- Directed by: Alain Tanner
- Written by: Myriam Mézières
- Starring: Myriam Mézières Juanjo Puigcorbé Félicité Wouassi
- Cinematography: Denis Jutzeler
- Production companies: Filmograph SA Messidor Films Les Productions Lazennec
- Release date: 1993;
- Running time: 108 minutes
- Countries: Switzerland Belgium Spain France
- Language: French

= The Diary of Lady M =

1993 film

The Diary of Lady M (French: Le journal de Lady M) is a 1993 Swiss drama film directed by Alain Tanner and written by Myriam Mézières, who also stars. A co-production between Switzerland, Belgium, Spain and France, the film follows a Paris nightclub singer whose affair with a Catalan painter becomes entangled with his marriage.
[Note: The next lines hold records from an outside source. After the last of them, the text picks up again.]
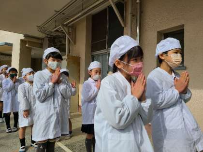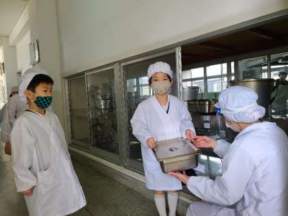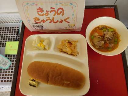 今日の給食は、豚肉と野菜のケチャップ煮、カリフラワーのピクルス、桃のクラフティ、パン、牛乳です。いただきます。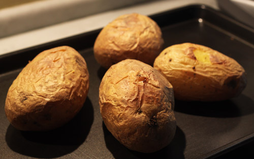 Place the potatoes on your oven rack for baking, and make sure you keep a baking sheet underneath, to catch any drips. Bake for roughly an hour, keeping the oven temperature at 350 degrees F. Check by poking them with a fork – you’ll know they are ready once the potatoes become soft on the inside, and the skin becomes crispy.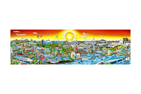 この作品では日本列島を太平洋側から見下ろすような構図で、北は北海道、南は沖縄まで各地の名所が活気ある様子で描かれています。また海の色とは対照的に空は暖かい日差しに覆われ、微かに煌く星々がどこかノスタルジックな感情を思い起こさせる一方で、中心に描かれたご来光はまさに「日出づる国」日本を演出していて、ダイナミックでありながら静けさも感じさせる一作となっています。
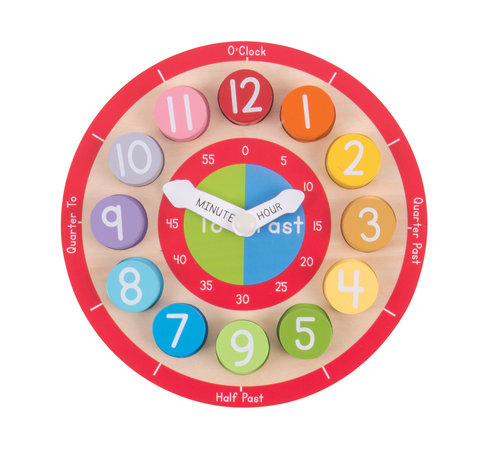 Świetny, wysokiej jakości, drewniany zegar do nauki liczenia, cyfr oraz odmierzania czasu. Uczy nie tylko wskazywania godzin i minut za pomocy wskazówek, ale także liczb. Pomaga też w nauce pojęć typu kwadrans po, przed, itp.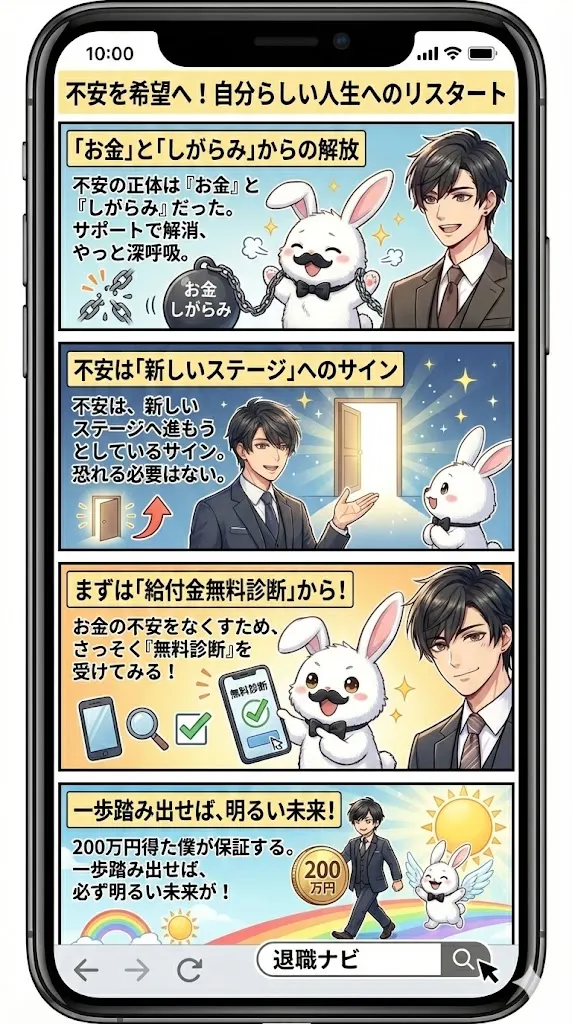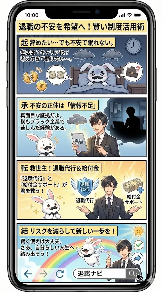 不安は生存本能が生み出す幻想です。退職代行や給付金制度を賢く使い、リスクを最小限に抑えながら、あなたが心から笑える毎日を取り戻しましょう。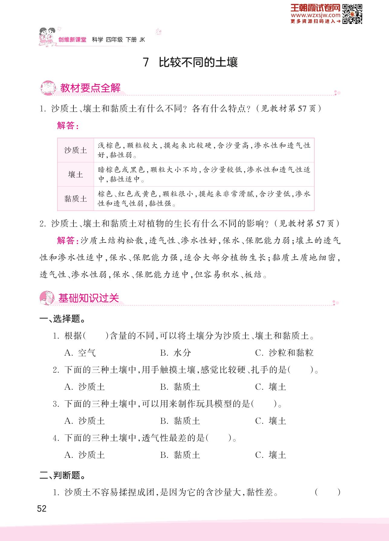 2023下册四年级科学教科版 第三单元 岩石与土壤——7 比较不同的土壤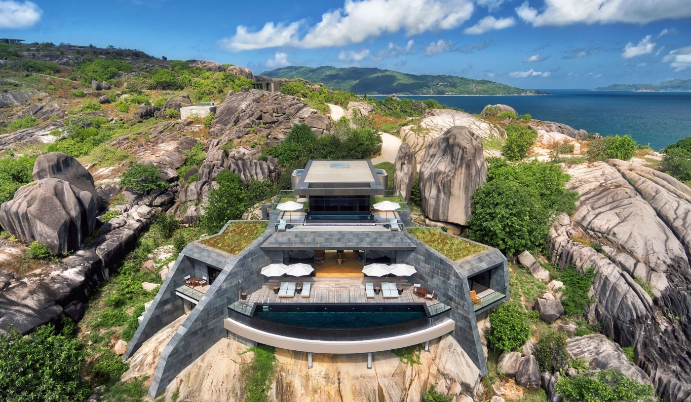 The ultimate places to stay are the three- and four-bedroom Bond-lair-like residences, with glass-bottomed pools, cavernous living quarters and private staff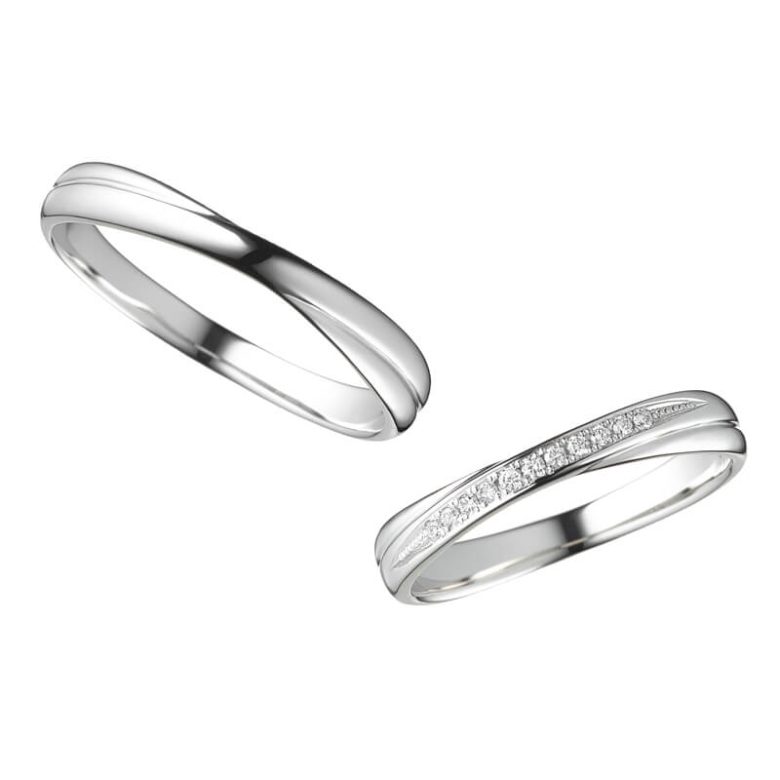 リング中央に流れる立体的なラインにダイヤモンドが配された、エレガントなデザイン。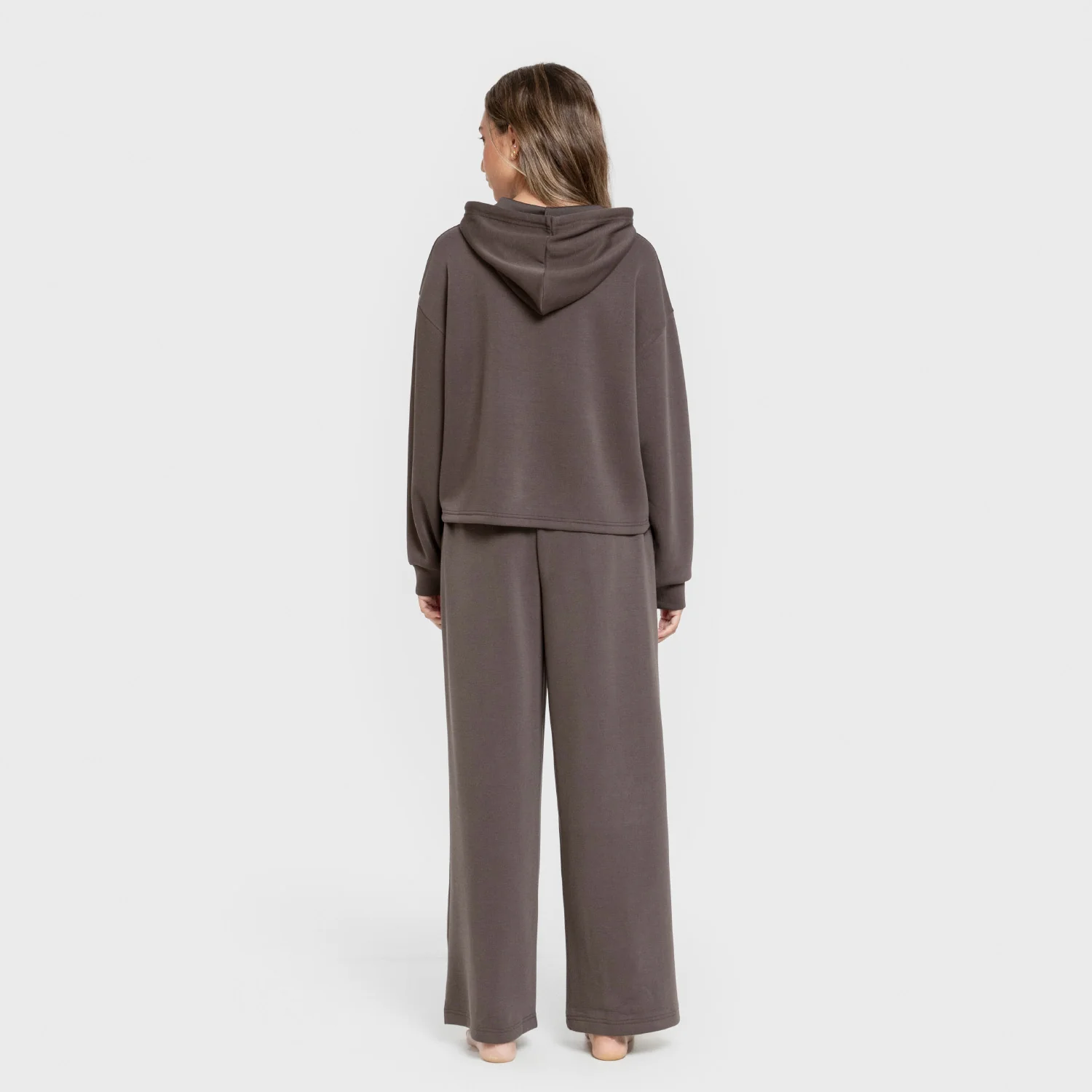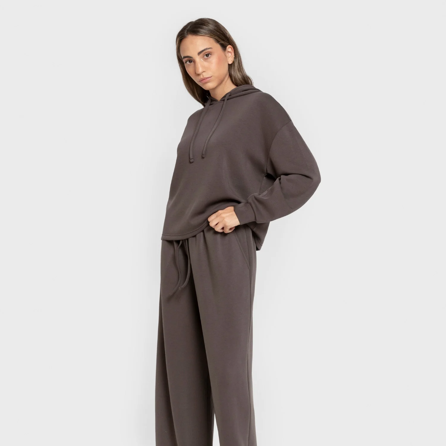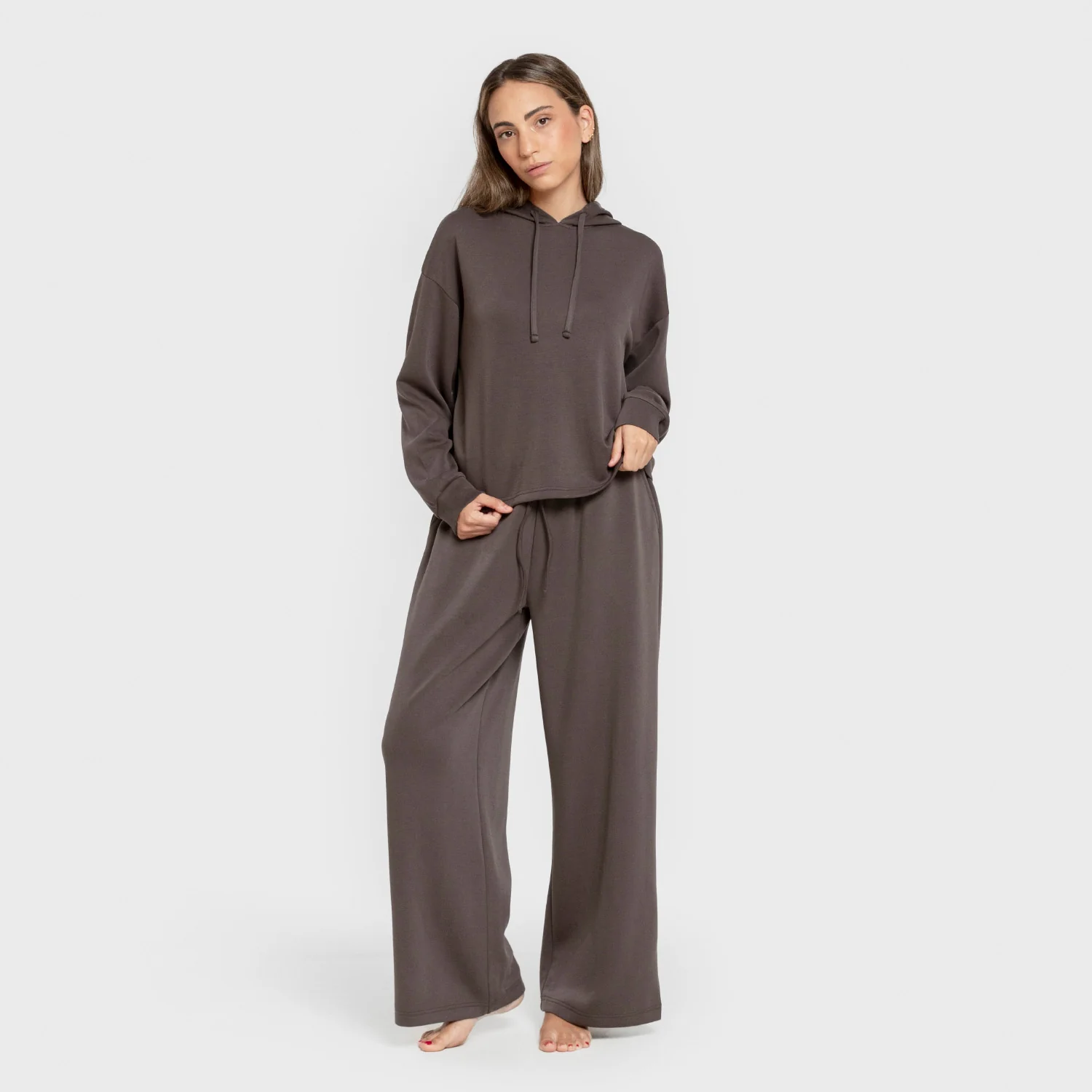 Pantalón largo ancho de corte «wide leg» con cintura elástica, bolsillos laterales y cordón ajustable.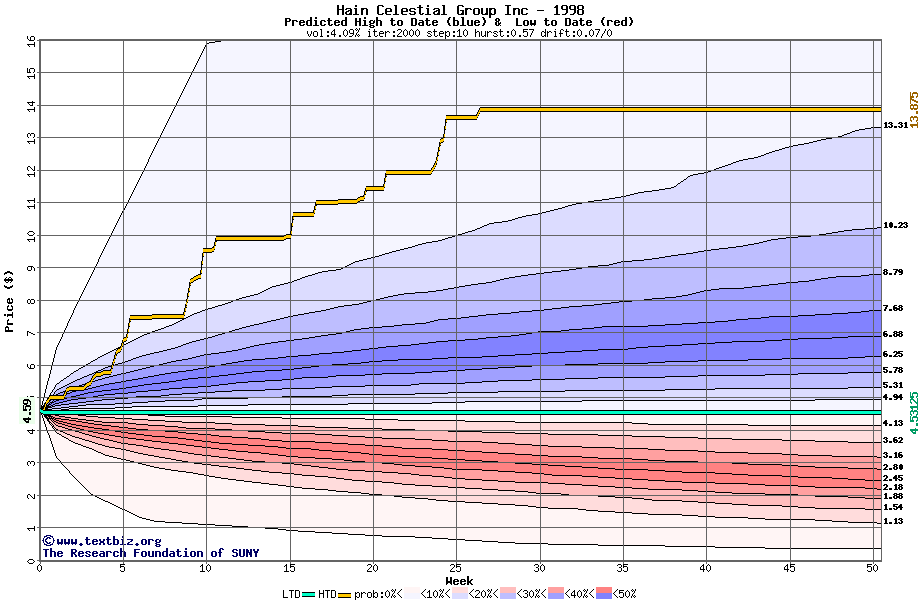 The high to date and low to date prices of the stock plotted against a random walk model for 1998 (what's this?).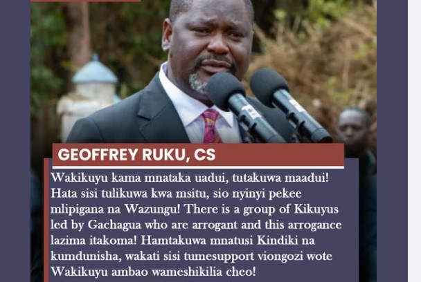 Cs Ruku warns Kikuyus-Wakikuyu kama mnataka uadui, tutakuwa maadui! Hata sisi tulikuwa kwa msitu, sio nyinyi pekee mlipigana na Wazungu!!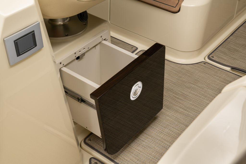 The aft cockpit has ample seating with a multi-position rear facing lounge and foldout aft seating. The cockpit galley is both stylish and convenient, with a concealed refrigerator, drawer storage, sink with hot and cold water, and an optional grill.
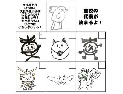 学校長が,1つのゆるキャラを選出し,久我の杜小学校のゆるキャラとします!
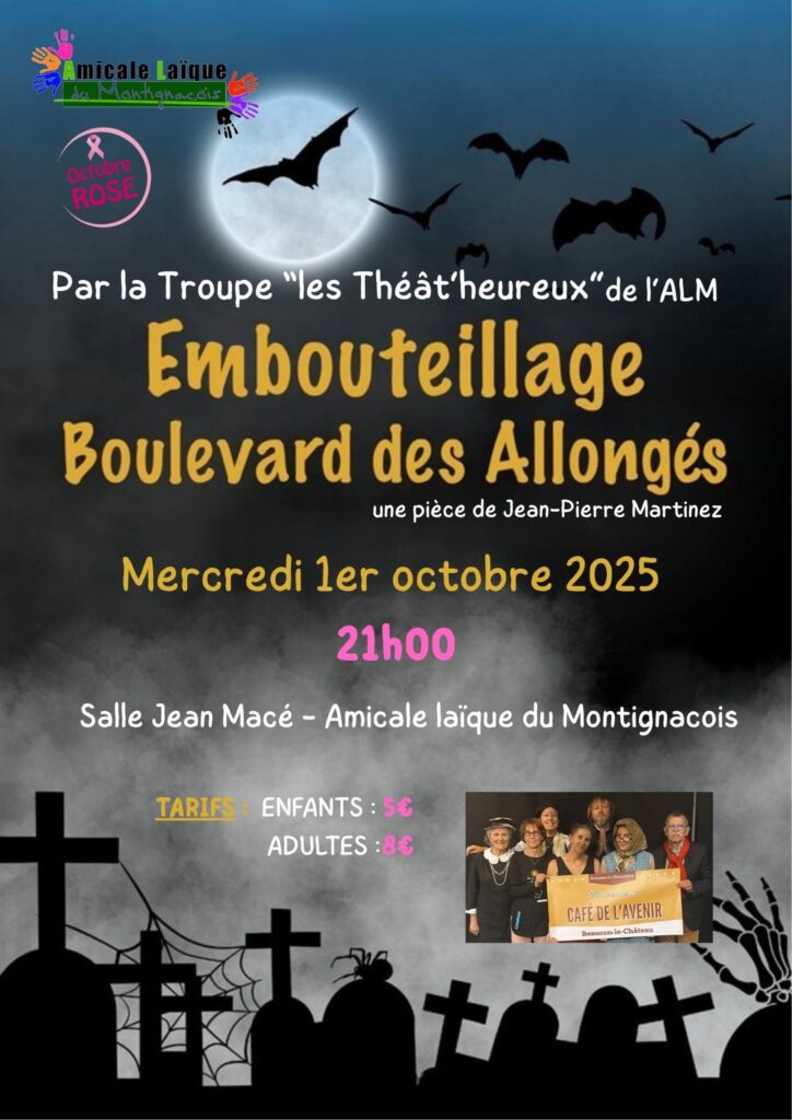 Salle Jean Macé. Théâtre. Dans le cadre d’Octobre rose, l’amicale laïque de Montignac propose « Embouteillage, boulevard des allongés » par la troupe « Les Théâtr’heureux », tarifs : 8 euros (adultes) et 5 euros (enfants). Réservations au 05 53 51 86 88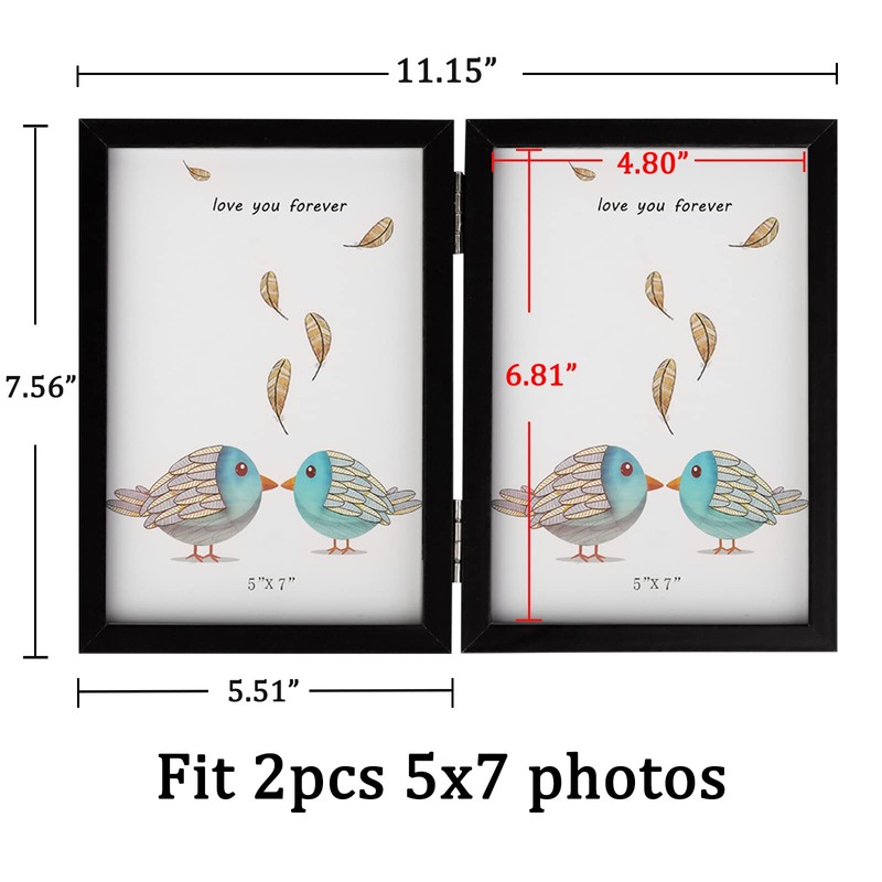 - [Double Picture Frames]: Fits two 5x7" photos side by side in a frame. 0.6" thickness vertical frame, can be stably placed on the table.

It screened at festivals including Locarno, Montréal, Toronto, London and Istanbul.

== Synopsis ==
Lady M, a nightclub singer in Paris, falls in love with Diego, a Catalan painter. After spending several passionate days with him in Spain, she leaves him when she discovers that he is married. Unable to let go of him, she later invites him to Paris. Diego arrives with his wife and young daughter, leading to a triangular relationship that gradually narrows into a relationship between the two women. This relationship also ends, and the women part ways.

==Cast==
The cast includes:

- Myriam Mézières as Lady M
- Juanjo Puigcorbé as Diego
- Félicité Wouassi as Nuria
- Antoine Basler as the man from Kismet
- Carlotta Soldevilla as the woman from No. 35

== Production ==
Mézières wrote the screenplay based on her own diary, with the story presented through her first-person narration.

== Reception ==
Variety wrote that the film was “at its best” in its depiction of the backstage world of singers and artists, and praised Mézières’s performance, while finding the later events hurried and the ending improbable. Filmdienst wrote that it concerns desire, possession and devotion, as well as the divide between reason and passion, but found that its naturalistic sex scenes contributed little to those themes. Cinémathèque suisse described the film as a poem about the wounds of love.

== Festival screenings ==
The film was later screened at festivals including the Taormina BNL Film Fest, the 46th Locarno Festival, the 17e Festival des films du monde in Montréal, the Toronto International Film Festival and the BFI London Film Festival in 1993, and the Solothurner Filmtage and the 15th International Istanbul Film Festival in 1996.